4.    Grant K. From dementia to medically assisted death: A Canadian woman’s journey, and the dilemma of the doctors who helped [Internet]. The Globe and Mail. 2019 Oct 12 [cited 2019 Nov 16].

5.    Canadian Press. Quebec judge invalidates parts of provincial, federal laws for medical aid in dying [Internet]. Global News. 2019 Sep 11 [cited 2019 Nov 16].

6.    Santi N. From Courtroom to Bedside - A Discussion with Dr. Jeff Blackmer on the Implications of Carter v. Canada and Physician-Assisted Death [Internet]. University of Ottawa J Med. 2015 May [cited 2019 Nov 16]; 5(1) 1-3.

7.    Caplan AL. The case for assisted dying [Internet]. Chicago Tribune. 2015 Sep 16 [cited 2019 Nov 16].

8.    Lemmens W, Lemmes T, Caplan A. The dangers of euthanasia-on-demand [Internet]. Chicago Tribune. 2016 Oct 17 [cited 2019 Nov 16].
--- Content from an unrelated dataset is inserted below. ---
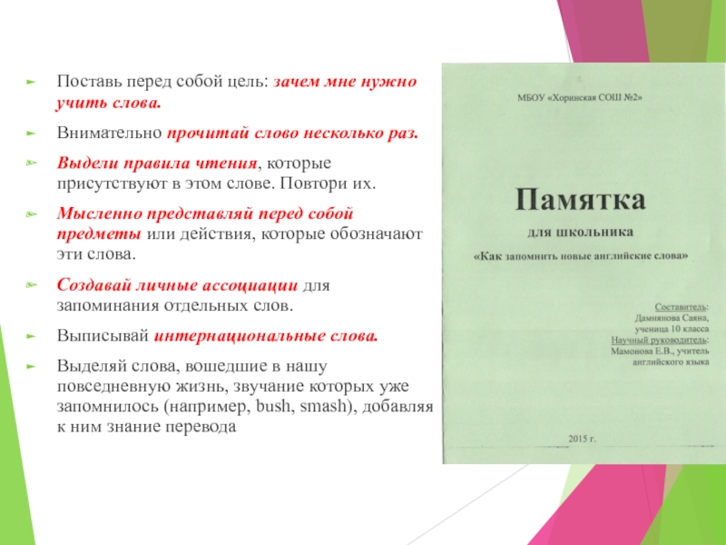 Слайд 17Поставь перед собой цель: зачем мне нужно учить слова.

9.    Lerner BH, Caplan AL. Euthanasia in Belgium and the Netherlands: On a Slippery Slope? [Internet] JAMA. 2015 Aug 10 [cited 2019 Nov 16]; 175(10) DOI: 10.1001/jamainternmed.2015.4086.

10.    Associated Press. Centura Health doctor's firing sets off lawsuit, fight over Colorado's assisted suicide law [Internet]. 7 The Denver Channel. 2019 Sep 4 [cited 2019 Nov 16]. Note that the hospital’s legal defense is based on the exercise of freedom of religion rather than freedom of conscience, though in this case it is consistent with the exercise of freedom of conscience to the extent that it is a refusal to be complicit in what is believed to be wrong.